==== RECORDED DATA

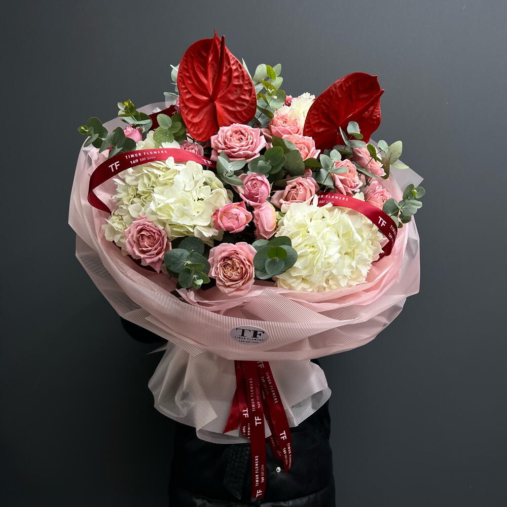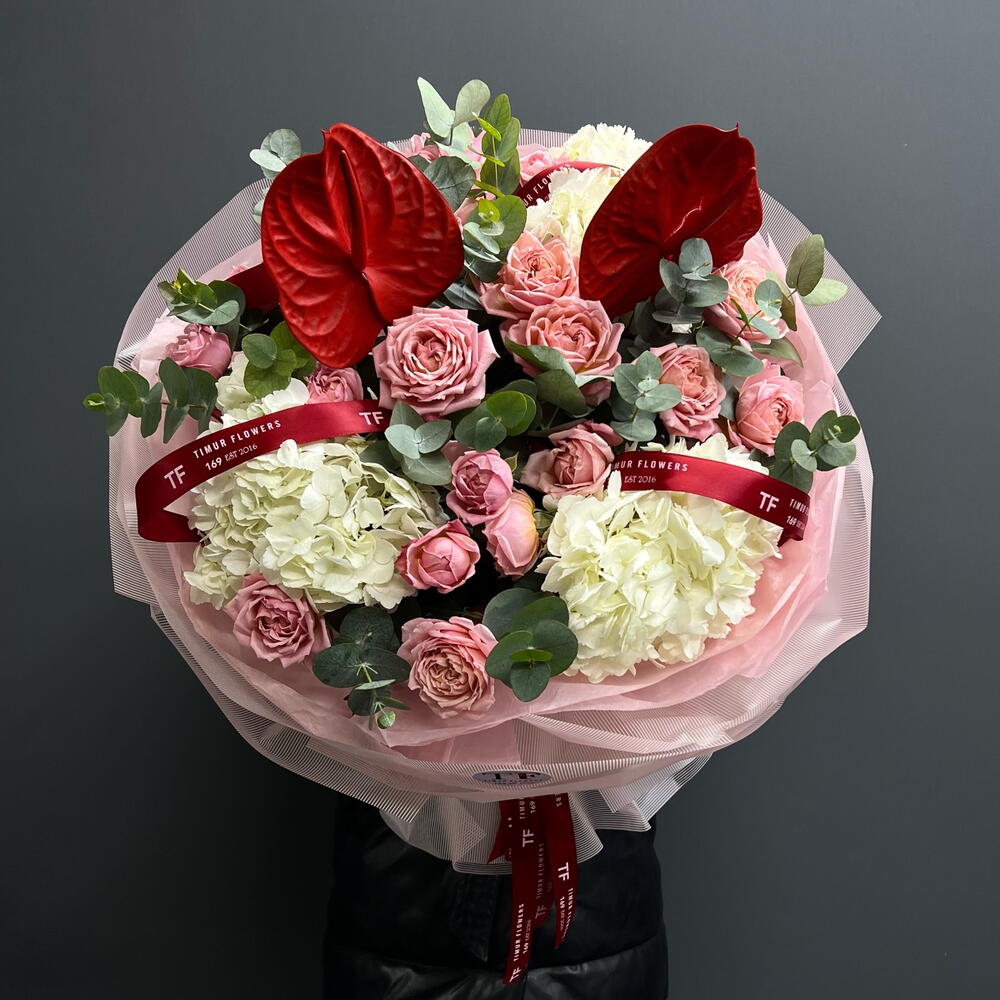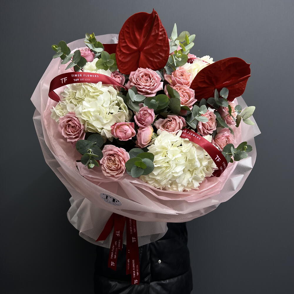 Премиум букет с Антуриумом, пионовидной кустовой розой и гортензией
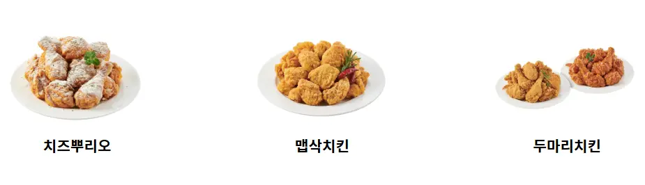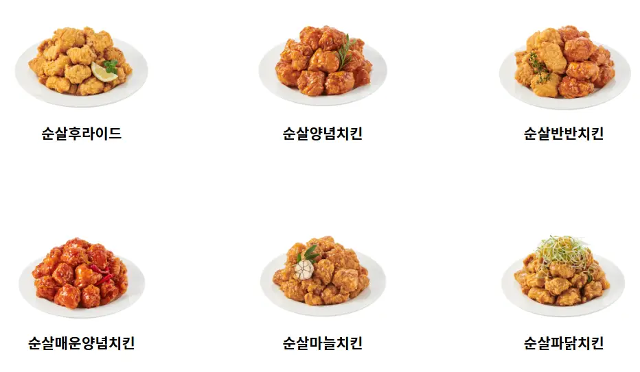 | 순살치킨 | 뼈 없는 부드러운 고기로 고기 본연의 맛을 즐길 수 있습니다. | 뼈를 싫어하는 분들에게 아주 좋고 간편하게 먹을 수 있습니다. |
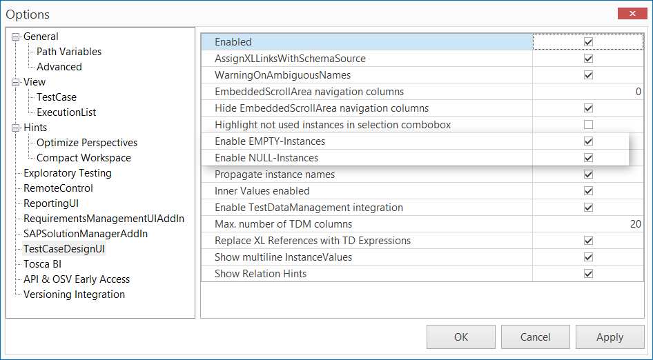 Enable EMPTY-Instances und NULL-Instances im Options-Dialog

========

(ABOUT THIS TASK):
Could you copy the lines above exactly and skip the images?

(SOLUTION FOR THIS TASK):
 Премиум букет с Антуриумом, пионовидной кустовой розой и гортензией
 | 순살치킨 | 뼈 없는 부드러운 고기로 고기 본연의 맛을 즐길 수 있습니다. | 뼈를 싫어하는 분들에게 아주 좋고 간편하게 먹을 수 있습니다. |
 Enable EMPTY-Instances und NULL-Instances im Options-Dialog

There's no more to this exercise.